In addition, from the same point of view, the substance over form principle can not be applied to a tax treaty, which is a special law, as it falls under the general provisions of domestic law. Article 26 of the Vienna Convention on the Law of Treaties emphasizes that all treaties in force are bound by the parties concerned and should be implemented in good faith by the parties concerned. Article 31(1) of the Convention emphasizes that "in good faith implementation" should be interpreted in accordance with the ordinary meaning granted in terms of the context of a treaty and the subject and purpose of a treaty, and it also states that "the context of a treaty and the subject and purpose of a treaty" can be considered to be "for the faithful interpretation of a treaty". Thus, it is difficult to see that the above interpretation criteria are contrary to the above Convention.
F) Sub-decision
As seen above, the substance over form principle under Article 14(1) of the Framework Act on National Taxes is to realize the principle of fair taxation burden and the ability to respond, and is equally applied to both residents and non-residents, along with the constitutional principles on the interpretation of the no taxation without law and treaties, the basis and content of the substance over form principle, the purpose of which the Korea-Belgium Tax Treaty was concluded, and the purport of Article 13 of the Korea-Belgium Tax Treaty, and the principle of substance over form principle under Article 14(1) of the Framework Act on National Taxes. ① In interpreting tax treaties between countries, the principle of substance over form can be interpreted as the basis of interpretation unless it expands the meaning of the language itself or does not go against the language and text. ② The Korea-Belgium Tax Treaty provides for taxation requirements, non-taxation and tax exemption requirements for corporations, and the defendant, who is the tax authority, recognizes the transfer of the shares in this case and the ownership of the transfer margin as a resident of the Belgium Tax Treaty, and determines whether the substance over form principle should be applied under the OECD Tax Treaty’s domestic law and its domestic law.
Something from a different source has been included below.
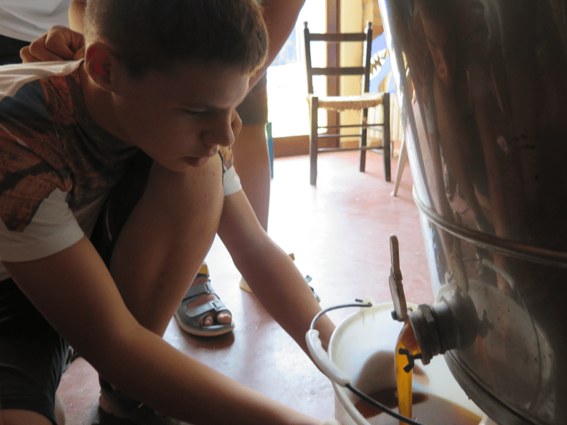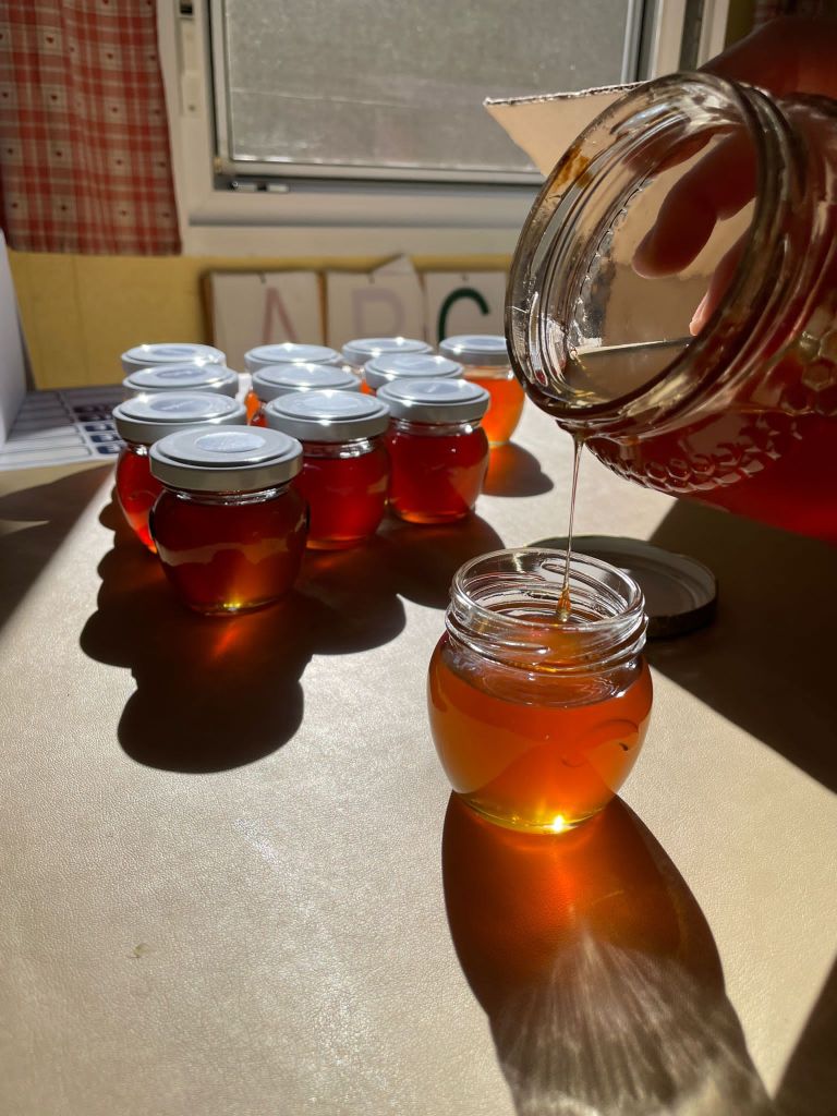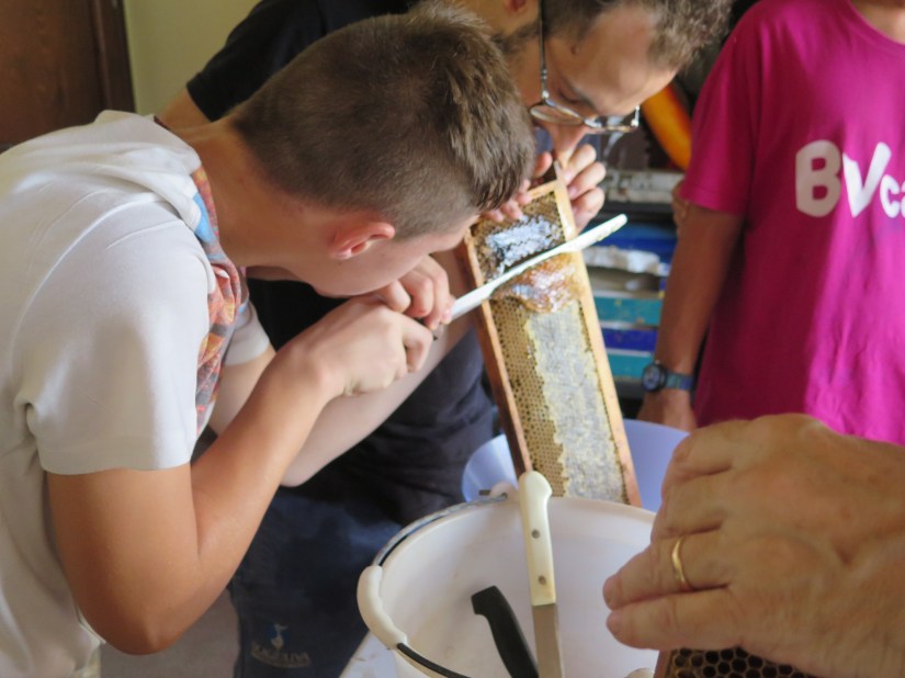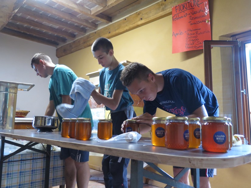 dell’acacia, si entra nel vivo della stagione produttiva, che richiede attenzione e coraggio, per scovare l’astuta regina in procinto di sciamare, o per affrontare con fermezza uno sciame di 50.000 operaie intente a difendere il loro prezioso nettare. Non tutti i ragazzi sono disposti ad affrontare questo lavoro, tanto avvincente quanto rischioso, ma il gruppo intero si riunisce con gioia nel giorno della smielatura: un’opera sinergica in cui pochi gesti elementari permettono a tutti di estrarre il miele dai favi, un autentico oro che cola, che colma vasi da chiudere e gustare a tempo debito.

I will not accept any objection.
Furthermore, the principle of non-discrimination under the tax treaty is prohibited in taxation based on nationality, and under the principle of reciprocity, a national of a Contracting State is not treated more disadvantageous than that of a national of another country in which another country is in the same situation. In order to apply the above principle, it must be satisfied that a national of one Contracting State and a foreigner are in the same situation. Thus, it is not possible to directly belong to a foreign corporation in Korea through abuse of a tax treaty and a domestic asset securitization company that is subject to taxation, such domestic source income directly belonging to a foreign corporation that can be subject to tax through abuse of a tax treaty and a domestic asset securitization company that is subject to taxation, such domestic source income directly belongs to the same situation. Thus, the plaintiff's assertion that differs from this premise is without merit.
(b) Person who has de facto reverted to the stock transfer income of this case; and
A) Article 14 of the Framework Act on National Taxes provides for the principle of substantial taxation on the attribution of income, transaction, etc. subject to taxation. If a taxpayer can choose one of the various lawful and effective legal relations in order to achieve a uniform economic purpose in economic activities, the issue of whether to take such a method is the matter of his/her own choice, taking into account the efficiency of achieving the purpose and the degree of bearing the relevant expenses, such as taxes, etc. Therefore, if a taxpayer selected one of them and formed a legal relationship, the contents and scope of the tax so expressed shall be determined individually in accordance with the legal relations (see Supreme Court Decision 200Du963, Aug. 21, 2001).
In light of the above legal principle, a taxpayer’s taxation should be based on an individual and specific provision under the principle of no taxation without representation (see, e.g., Supreme Court Decision 95Nu5301, May 10, 1996).
However, as seen earlier, comprehensively taking account of the constitutional principles of no taxation without law, the interpretation of tax treaties between Korea and countries, the purport and contents of the substance over form principle under Article 14 of the Framework Act on National Taxes, the purpose of the Korea-Belgium Tax Treaty, and the purport of the tax exemption provisions on non-residents, etc., a corporation recognized as a resident in the Belgium shall conduct business transactions in Korea within the scope of Korea, and shall be a transferor as prescribed by Article 13 of the Korea-Belgium Tax Treaty in order to receive tax exemption benefits on income source under the said Tax Treaty. In determining the meaning of "transferor", the meaning of "the substance over form principle" must be limited to the extent that it conforms to the purpose of preventing double taxation or tax avoidance and does not conflict with the language and text of the Tax Treaty. Thus, if a non-resident with a nationality other than Belgium establishes a corporation in the Belgium for investment purpose in Korea and operates a business with the name of the corporation for the purpose of capital acquisition within the Republic of Korea, the entity is deemed as a taxpayer of the Belgium Tax Treaty only for the purpose of tax exemption and its original investor's.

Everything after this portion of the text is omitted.